In Mohsin Hamid's tight and compelling The Reluctant Fundamentalist, narrator Changez (the book isn't nearly as heavy-handed as the name suggests) reaches the point of no return in his alienation from the American imperialist dream (complete with high-power finance job and gringa girlfriend) in Valparaiso, Chile. He visits Pablo Neruda's home and finds a point of connection he's lost in post-9/11 New York:
To me, it's not just the "universal poetry" of Neruda or the mountain views from La Sebastiana that make it an apt place for Changez to have his epiphany. It's because he likely recognizes a setting where the connection between politics and everyday life is more direct and honest than in 2002 U.S., with naive "who me?" policies condemning some and secretly encouraging others. Latin Americans have long memories for that approach, and Chile especially so.
While the U.S. tries to mend relations in several parts of the world, Latin America is forgotten, except as a perennial source of slave cheap workers and scapegoats for current labor conditions. And in turn, Latin America is starting to think of the U.S. as a player among many, not the only game in town.
I thought about this when I saw the new Chinatown project in Santo Domingo, an indicator of the DR's deep interest in Chinese investment beyond the creation of free trade zones.
It also jumped out at me seeing a story about one of the most popular novelas in Brazil right now, Caminho das Indias, a caste-crossed lovers story with Brazilian actors speaking Portuguese but outfitted in saris and dropping Hindi.
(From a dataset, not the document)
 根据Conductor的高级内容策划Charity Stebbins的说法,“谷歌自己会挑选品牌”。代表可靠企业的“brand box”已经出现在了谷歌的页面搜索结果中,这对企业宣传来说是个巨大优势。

Partly filmed in Jaipur and Agra, it is a fantasia of an "exotic," "colorful" culture (pace O Clone/El Clon) and does stick to a lot of Orientalist clichés, but even the most realist novelas are high melodrama and require a broad brush, so I see it more as normalizing India as a source of power and glamour.
Check this matchmaking scene:
And last in my list of evidence of Global South nods to appeal to the Chinese-Indian economies is a literary magazine I was brought from Delhi called Vislumbres (after Octavio Paz's mostly annoying essays written during his time as Mexican ambassador to India in the 1960s).
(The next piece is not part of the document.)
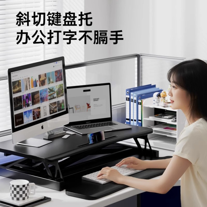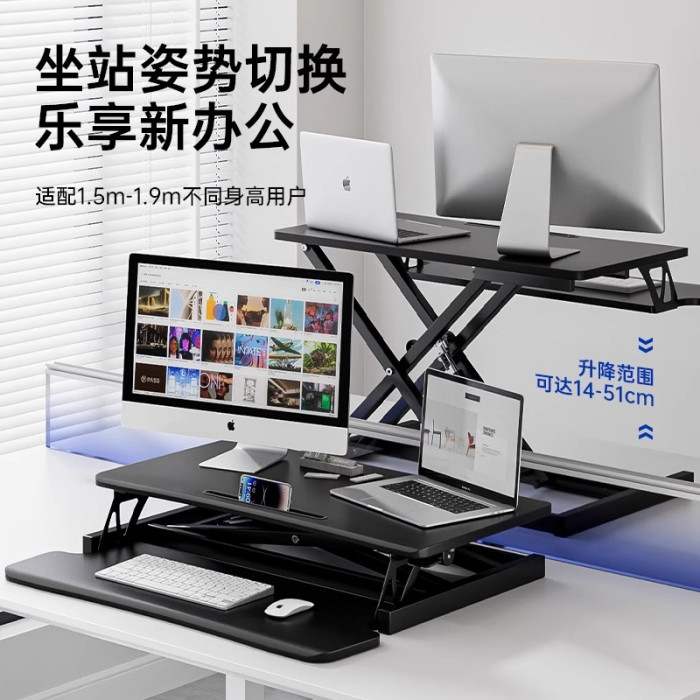 站立式工作台電腦桌可升降調節筆電辦公桌子折曡顯示器增高支架

Financed by the consulates in Spain and several Latin American countries, it's a gorgeous journal in red-black-white that vaguely recalls Soviet constructivist art. Trilingual (English-Spanish-Portuguese) it has work by Latin American writers about India and Indian subcontinent writers about Latin America. Some of the work is lovely impressionistic, some borders on mutual exoticism, but the effort was what fascinated me, the gesture to dialogue.